Die hilfreichsten Kundenrezensionen
6 von 6 Kunden fanden die folgende Rezension hilfreich
5.0 von 5 Sternen Nicht zu müde für das Nicht zu 6. Juli 2012
Von Thomas Holtbernd VINE-PRODUKTTESTER
Format:Broschiert|Verifizierter Kauf
Gesellschaftsanalysen ermüden oft, weil Zahlen aneinander gereiht werden und letztendlich doch nichts ausgesagt wird. Byung-Chul , der Professor für Philosophie aus Karlsruhe, hat eine grundsätzliche Analyse vorgenommen. Er ist ein Kreuz- und Querdenker, hält sich nicht an die gewohnten Regeln der Wissenschaft. Er wirft seine Wut in die Waagschale. Und diese Wut richtet sich auf die Leistungsgesellschaft. Seine These ist sehr eindeutig. Das Ich ist nicht bedroht, sondern schlichtweg überlastet. Die medizinische Diagnose für viele Erkrankungen im 21. Jahrhundert ist an autoaggressiven Krankheiten ausgerichtet. Der moderne Mensch wird durch einen Infarkt nieder gestreckt. Antibiotika helfen bei diesen Diagnosen nicht mehr. Dieser Leistungsdruck ergibt sich aus der Sorge ums Überleben. Könnte die Fähigkeit zur Aufmerksamkeit noch Abhilfe schaffen, so verlieren die Menschen die Fähigkeit zum Ausdruck.
Die Lösung liegt in einer Unterscheidung einer Müdigkeit der positiven und der negativen Potenz. Wer handelt nicht-zu und das Spielerische entdeckt, der überwindet ein Handeln um-zu. Der zweckfreie Raum befreit von der Befreiung, denn der Wegfall der Herrschaft, ist noch nicht Freiheit.

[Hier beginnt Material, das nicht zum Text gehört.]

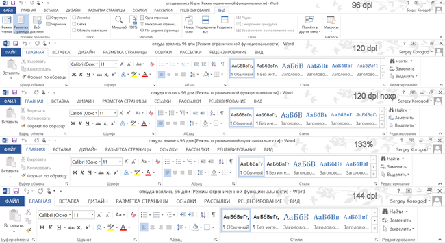 В целом, Word 2013 (думаю, как и любые другие приложения MS Office) при любом масштабе и dpi обеспечивает настолько гладкую картинку, насколько это возможно. Такое чувство, что даже графика фона векторная, настолько все хорошо. Новый Word выглядит фантастически гладко и даже как-то стерильно.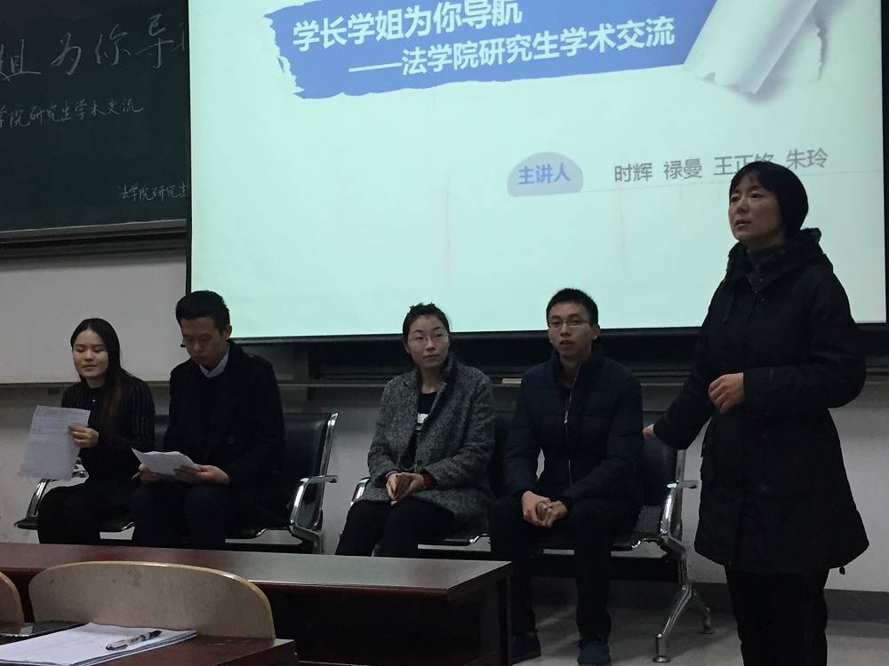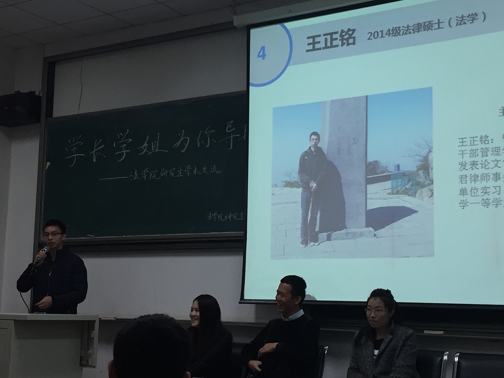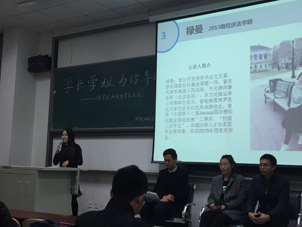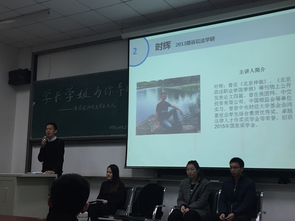 2015年11月19日上午8點(diǎn)30分,由法學(xué)院研究生會(huì)舉辦的“學(xué)長(zhǎng)學(xué)姐為你導(dǎo)航”系列活動(dòng)--研究生學(xué)術(shù)交流講座在沙河校區(qū)主教106舉行,蒙廣平老師參加了此次講座,并就學(xué)院獎(jiǎng)勵(lì)、學(xué)業(yè)獎(jiǎng)和國(guó)家獎(jiǎng)學(xué)金等的細(xì)則做了簡(jiǎn)單介紹,希望同學(xué)們?cè)趯W(xué)術(shù)科研方面投入更多些精力。此次講座的主講人包括13級(jí)經(jīng)濟(jì)法學(xué)研究生祿曼學(xué)姐、訴訟法學(xué)研究生時(shí)輝學(xué)長(zhǎng)、14級(jí)法律碩士(法學(xué))王正銘學(xué)長(zhǎng)以及13級(jí)法律碩士(非法學(xué))朱玲學(xué)姐。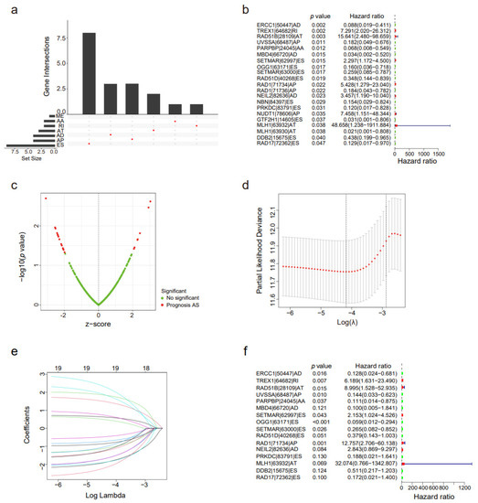 Results and constructions of the independent prognostic model. (a) UpSet plots of seven kinds of prognosis-related optional splicing events and their parent genes. The lower part of every plot describes the permutations of the optional splicing events; for every situation, the optional splicing event is comprised if its counterpart is full of a red dot. The higher part of the plot symbolizes the amounts of genes for every situation. Average PSI value ≤ 0.05. (b) The forest plot of prognosis-related AS events in the STAD cohort. (c) The volcano plot of prognosis-related AS events in the STAD cohort. (d) Lasso plot determining the amount of whole survival-related splicing events in the survival analysis by Lasso regression. (e) Lambda plot determining the number of whole survival-related splicing events in the survival analysis by Lasso regression. (f) The forest plot of the univariate Cox regression analysis for DNA repair gene alternative splicing.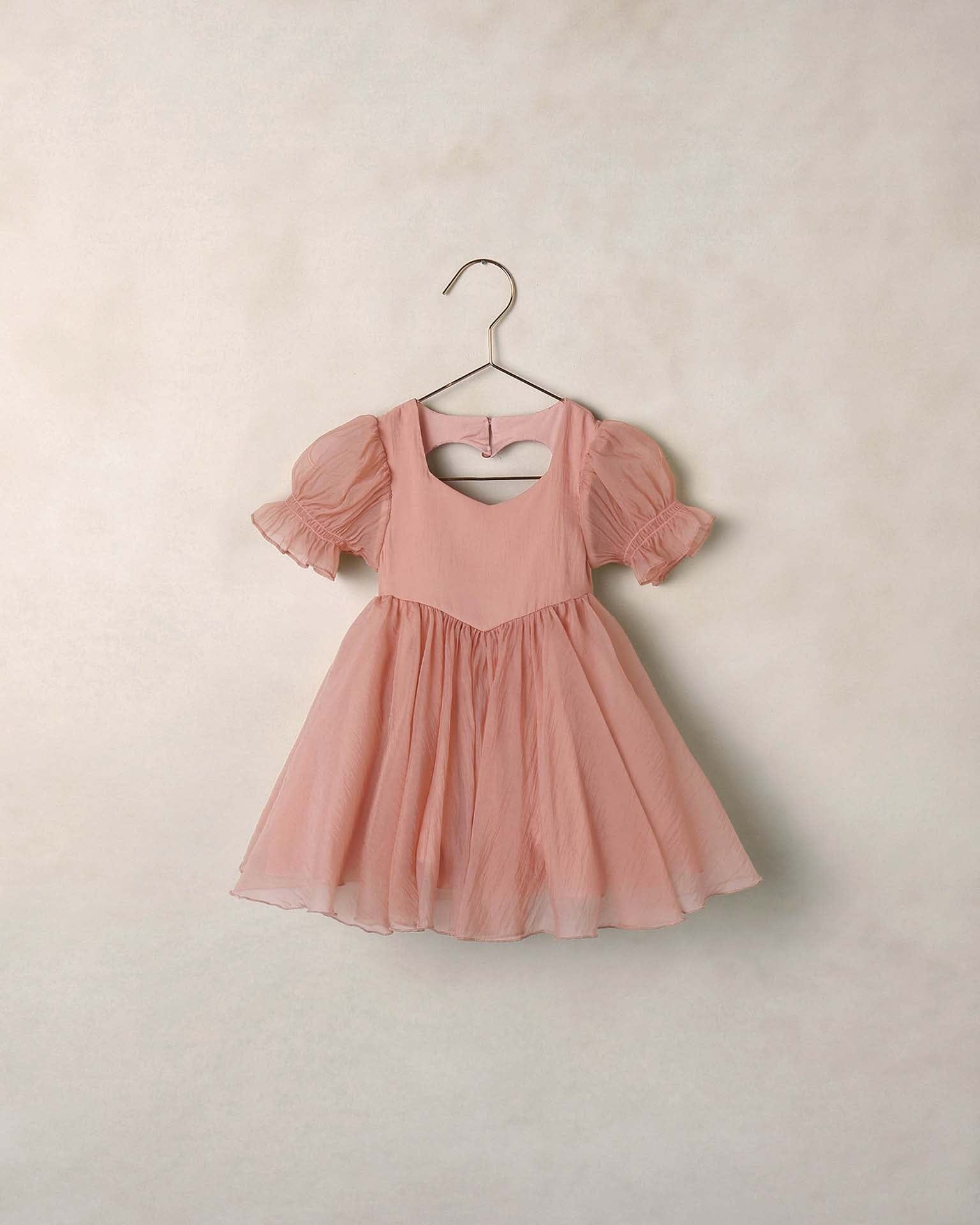 The Valentine Dress lives up to its name with an elegant heart-shaped back cutout topped with a button closure. Organza sleeves and skirt make this new silhouette a season favorite.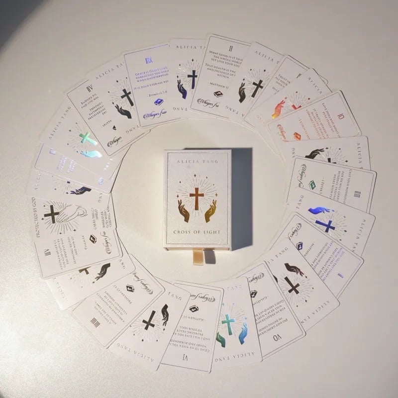 在忙碌的日常中,我們常常需要一絲寧靜、一道溫柔的光芒,來引導內心的平靜與力量這副《光之十字架》神諭卡,靈感源自耶穌永恆的教導,精選聖經中最深刻的經文,重新詮釋成簡單而真摯的訊息,點亮愛、平安與恩典的本質。 無論是早晨的靜思、午後的喘息,或是夜晚的反思,只需隨手一抽,就能感受到耶穌如慈父般輕聲耳語,療癒心靈、肯定自我,讓祂的智慧成為你面對挑戰時的可靠指引。 【源自聖經的永恆智慧教誨】 52張經典聖經經文,來自四福音書的核心教導 化作溫暖的日常啟發 每一句話都如耶穌親口低語 幫助你在壓力中尋得力量、在迷茫中發現方向 適合所有追求內在平安與靈性成長的靈魂 【每日清晨一張,帶來片刻的平安】 無論清晨設定意圖、忙碌中尋找平靜, 或是傍晚回顧一天,這副牌卡就是你的私人聖殿。 只需深呼吸、洗牌、默念「主啊,請賜我今日的指引」,依直覺抽取,就能讓耶穌的愛充滿你的心田 【藝術家Alicia Tang的手繪粉彩】 Alicia Tang以溫柔的手繪粉彩, 重新詮釋基督教默想的靈性與內在寧靜之美 柔和的線條與光影 彷彿耶穌的張開雙手接納每一個需要療癒的靈魂 【抽屜盒變身優雅立架】 精心設計的抽屜式盒子,不僅保護牌卡 更可輕鬆轉換成展示架 讓今日的訊息靜靜矗立在你的書桌或床頭 整日提醒你信仰的溫柔與平安 成為你桌面上的一道聖光 【完美禮物,獻給基督教的靈性探索者】 這套「光之十字架」啟發牌卡 包裝精美大方,宛如一份心靈的禮遇 無論送給基督徒,或是喜愛神諭卡、肯定卡的朋友 或是那些在自省與內在平安中尋求工具的家人 都蘊含滿滿的祝福與祈禱 【這副牌卡不僅是工具,更是守護】 讓耶穌的愛成為你內心的指南針 引領你走向更覺知、更喜樂的人生 無論自用收藏,或贈送給親愛的靈性夥伴 皆是滿載心意的禮物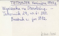 TETMAJER Kazimierz 1947 a Wycieczka na Staroleśną.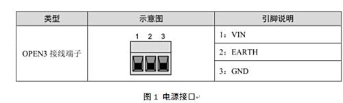 接口形式为OPEN3接线端子,电源额定输入电压为 6.8~48VDC,毗连器旌旗灯号界说如图1所示。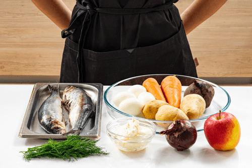 Place half of the potatoes at the bottom of the plate. Then layer with herring, onion, apple, remaining potatoes, eggs, and carrot.
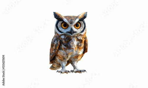 © PixNGrids, Fototapeta premium Digital owl low poly design with geometric wildlife-inspired style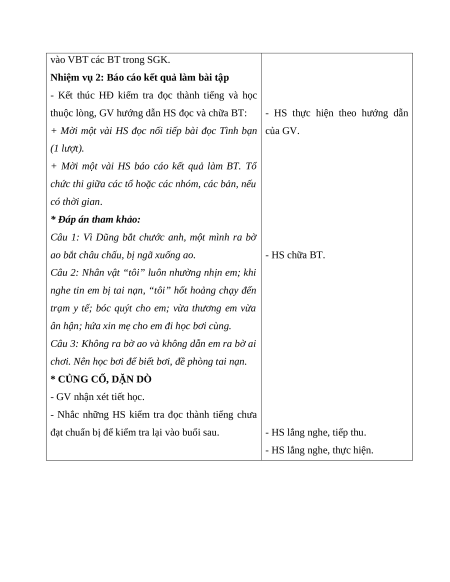 hiểu ý nghĩa của bài đọc: Bồi dưỡng tình anh em và ý thức bảo vệ an toàn, tránh tai nạn. 2. Năng lực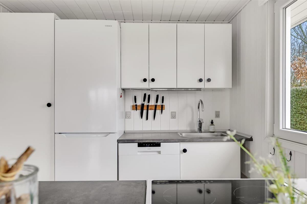 De keuken is uitgerust met koelkast Er is 4 inductiekookplaten, heteluchtoven, magnetron en vaatwasser.

Byung-Chul Han arbeitet sich an Hannah Arendt und Peter Handke ab, um seine These zu differenzieren. Wer das Buch gelesen hat, verändert seine Lust an der Müdigkeit, er wird gerne müde sein, das aber nicht aus Erschöpfung. Und das Gerede vom Burnout wirkt dann wie eine zynische Persiflage.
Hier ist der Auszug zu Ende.